GOAL OF THE EXERCISE
Give back every record exactly, images excluded.
==== SUPPLIED MATERIAL ====
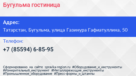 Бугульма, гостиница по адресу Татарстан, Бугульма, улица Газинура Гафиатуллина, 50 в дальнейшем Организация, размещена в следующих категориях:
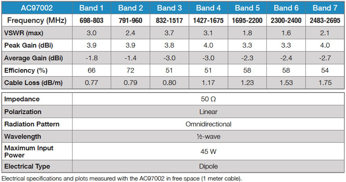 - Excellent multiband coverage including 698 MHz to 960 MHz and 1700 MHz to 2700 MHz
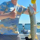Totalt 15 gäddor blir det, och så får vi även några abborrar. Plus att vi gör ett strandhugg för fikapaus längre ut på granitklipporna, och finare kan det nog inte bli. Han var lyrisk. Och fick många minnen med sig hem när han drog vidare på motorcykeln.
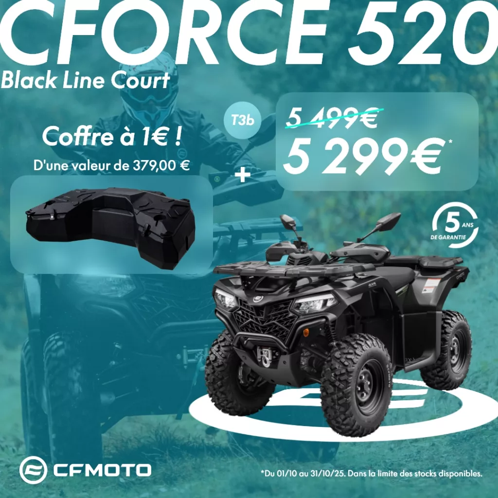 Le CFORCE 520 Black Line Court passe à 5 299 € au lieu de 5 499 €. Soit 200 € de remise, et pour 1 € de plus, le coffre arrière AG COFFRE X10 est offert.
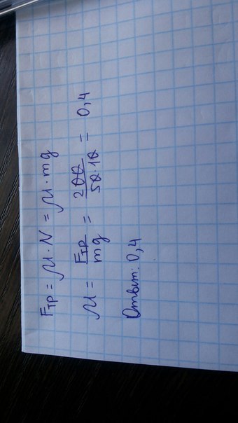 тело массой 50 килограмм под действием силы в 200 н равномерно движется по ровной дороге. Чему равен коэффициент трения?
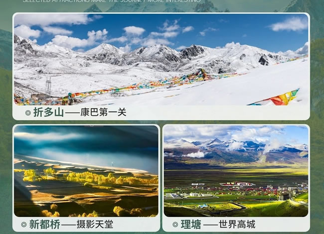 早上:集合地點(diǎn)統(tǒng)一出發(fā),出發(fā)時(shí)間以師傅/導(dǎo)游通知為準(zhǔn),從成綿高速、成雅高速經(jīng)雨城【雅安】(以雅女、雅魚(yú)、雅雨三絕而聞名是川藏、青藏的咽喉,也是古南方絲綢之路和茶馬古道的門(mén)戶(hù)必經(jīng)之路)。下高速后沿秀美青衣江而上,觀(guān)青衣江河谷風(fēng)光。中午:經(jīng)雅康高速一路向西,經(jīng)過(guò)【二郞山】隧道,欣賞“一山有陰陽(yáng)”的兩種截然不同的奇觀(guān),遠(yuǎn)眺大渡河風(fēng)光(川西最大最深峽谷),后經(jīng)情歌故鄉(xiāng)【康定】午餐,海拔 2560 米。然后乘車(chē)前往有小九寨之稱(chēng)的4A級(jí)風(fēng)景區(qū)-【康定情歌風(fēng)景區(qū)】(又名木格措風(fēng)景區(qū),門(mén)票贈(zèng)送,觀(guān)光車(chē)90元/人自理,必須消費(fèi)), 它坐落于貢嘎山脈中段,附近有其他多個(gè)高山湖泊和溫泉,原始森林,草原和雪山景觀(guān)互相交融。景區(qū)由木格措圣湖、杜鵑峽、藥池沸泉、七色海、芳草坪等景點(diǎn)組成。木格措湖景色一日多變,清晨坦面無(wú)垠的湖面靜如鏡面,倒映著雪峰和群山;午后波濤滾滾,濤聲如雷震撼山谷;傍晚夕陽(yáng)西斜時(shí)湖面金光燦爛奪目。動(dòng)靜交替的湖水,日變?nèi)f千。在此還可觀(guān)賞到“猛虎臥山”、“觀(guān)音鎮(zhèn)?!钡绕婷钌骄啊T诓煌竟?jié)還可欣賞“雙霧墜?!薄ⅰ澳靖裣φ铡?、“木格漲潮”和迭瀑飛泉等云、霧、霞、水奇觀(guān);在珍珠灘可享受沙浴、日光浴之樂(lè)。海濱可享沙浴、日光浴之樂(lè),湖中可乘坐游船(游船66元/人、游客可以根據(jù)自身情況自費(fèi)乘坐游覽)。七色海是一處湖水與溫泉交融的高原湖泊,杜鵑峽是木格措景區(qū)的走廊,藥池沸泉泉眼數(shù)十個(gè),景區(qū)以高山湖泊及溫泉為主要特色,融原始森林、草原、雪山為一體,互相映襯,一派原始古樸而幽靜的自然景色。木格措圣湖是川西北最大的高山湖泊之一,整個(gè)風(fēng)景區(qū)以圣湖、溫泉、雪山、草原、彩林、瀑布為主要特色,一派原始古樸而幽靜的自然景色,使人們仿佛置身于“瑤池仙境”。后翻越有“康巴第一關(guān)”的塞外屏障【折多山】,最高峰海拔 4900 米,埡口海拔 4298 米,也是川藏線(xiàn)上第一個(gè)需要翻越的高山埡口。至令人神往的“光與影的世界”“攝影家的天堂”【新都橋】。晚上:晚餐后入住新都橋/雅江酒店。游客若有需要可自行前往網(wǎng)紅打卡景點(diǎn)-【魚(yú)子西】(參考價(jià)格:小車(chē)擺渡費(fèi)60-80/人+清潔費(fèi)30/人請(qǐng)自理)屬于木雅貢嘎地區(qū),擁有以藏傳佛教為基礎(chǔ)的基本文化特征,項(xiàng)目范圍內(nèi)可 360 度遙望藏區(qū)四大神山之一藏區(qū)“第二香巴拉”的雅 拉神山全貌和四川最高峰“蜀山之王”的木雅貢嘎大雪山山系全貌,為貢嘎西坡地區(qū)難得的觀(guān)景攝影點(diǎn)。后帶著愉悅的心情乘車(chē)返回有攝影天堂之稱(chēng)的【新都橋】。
====
RESULT OF THE EXERCISE
 Бугульма, гостиница по адресу Татарстан, Бугульма, улица Газинура Гафиатуллина, 50 в дальнейшем Организация, размещена в следующих категориях:
 - Excellent multiband coverage including 698 MHz to 960 MHz and 1700 MHz to 2700 MHz
Totalt 15 gäddor blir det, och så får vi även några abborrar. Plus att vi gör ett strandhugg för fikapaus längre ut på granitklipporna, och finare kan det nog inte bli. Han var lyrisk. Och fick många minnen med sig hem när han drog vidare på motorcykeln.
 Le CFORCE 520 Black Line Court passe à 5 299 € au lieu de 5 499 €. Soit 200 € de remise, et pour 1 € de plus, le coffre arrière AG COFFRE X10 est offert.
 тело массой 50 килограмм под действием силы в 200 н равномерно движется по ровной дороге. Чему равен коэффициент трения?
 早上:集合地點(diǎn)統(tǒng)一出發(fā),出發(fā)時(shí)間以師傅/導(dǎo)游通知為準(zhǔn),從成綿高速、成雅高速經(jīng)雨城【雅安】(以雅女、雅魚(yú)、雅雨三絕而聞名是川藏、青藏的咽喉,也是古南方絲綢之路和茶馬古道的門(mén)戶(hù)必經(jīng)之路)。下高速后沿秀美青衣江而上,觀(guān)青衣江河谷風(fēng)光。中午:經(jīng)雅康高速一路向西,經(jīng)過(guò)【二郞山】隧道,欣賞“一山有陰陽(yáng)”的兩種截然不同的奇觀(guān),遠(yuǎn)眺大渡河風(fēng)光(川西最大最深峽谷),后經(jīng)情歌故鄉(xiāng)【康定】午餐,海拔 2560 米。然后乘車(chē)前往有小九寨之稱(chēng)的4A級(jí)風(fēng)景區(qū)-【康定情歌風(fēng)景區(qū)】(又名木格措風(fēng)景區(qū),門(mén)票贈(zèng)送,觀(guān)光車(chē)90元/人自理,必須消費(fèi)), 它坐落于貢嘎山脈中段,附近有其他多個(gè)高山湖泊和溫泉,原始森林,草原和雪山景觀(guān)互相交融。景區(qū)由木格措圣湖、杜鵑峽、藥池沸泉、七色海、芳草坪等景點(diǎn)組成。木格措湖景色一日多變,清晨坦面無(wú)垠的湖面靜如鏡面,倒映著雪峰和群山;午后波濤滾滾,濤聲如雷震撼山谷;傍晚夕陽(yáng)西斜時(shí)湖面金光燦爛奪目。動(dòng)靜交替的湖水,日變?nèi)f千。在此還可觀(guān)賞到“猛虎臥山”、“觀(guān)音鎮(zhèn)?!钡绕婷钌骄啊T诓煌竟?jié)還可欣賞“雙霧墜?!薄ⅰ澳靖裣φ铡?、“木格漲潮”和迭瀑飛泉等云、霧、霞、水奇觀(guān);在珍珠灘可享受沙浴、日光浴之樂(lè)。海濱可享沙浴、日光浴之樂(lè),湖中可乘坐游船(游船66元/人、游客可以根據(jù)自身情況自費(fèi)乘坐游覽)。七色海是一處湖水與溫泉交融的高原湖泊,杜鵑峽是木格措景區(qū)的走廊,藥池沸泉泉眼數(shù)十個(gè),景區(qū)以高山湖泊及溫泉為主要特色,融原始森林、草原、雪山為一體,互相映襯,一派原始古樸而幽靜的自然景色。木格措圣湖是川西北最大的高山湖泊之一,整個(gè)風(fēng)景區(qū)以圣湖、溫泉、雪山、草原、彩林、瀑布為主要特色,一派原始古樸而幽靜的自然景色,使人們仿佛置身于“瑤池仙境”。后翻越有“康巴第一關(guān)”的塞外屏障【折多山】,最高峰海拔 4900 米,埡口海拔 4298 米,也是川藏線(xiàn)上第一個(gè)需要翻越的高山埡口。至令人神往的“光與影的世界”“攝影家的天堂”【新都橋】。晚上:晚餐后入住新都橋/雅江酒店。游客若有需要可自行前往網(wǎng)紅打卡景點(diǎn)-【魚(yú)子西】(參考價(jià)格:小車(chē)擺渡費(fèi)60-80/人+清潔費(fèi)30/人請(qǐng)自理)屬于木雅貢嘎地區(qū),擁有以藏傳佛教為基礎(chǔ)的基本文化特征,項(xiàng)目范圍內(nèi)可 360 度遙望藏區(qū)四大神山之一藏區(qū)“第二香巴拉”的雅 拉神山全貌和四川最高峰“蜀山之王”的木雅貢嘎大雪山山系全貌,為貢嘎西坡地區(qū)難得的觀(guān)景攝影點(diǎn)。后帶著愉悅的心情乘車(chē)返回有攝影天堂之稱(chēng)的【新都橋】。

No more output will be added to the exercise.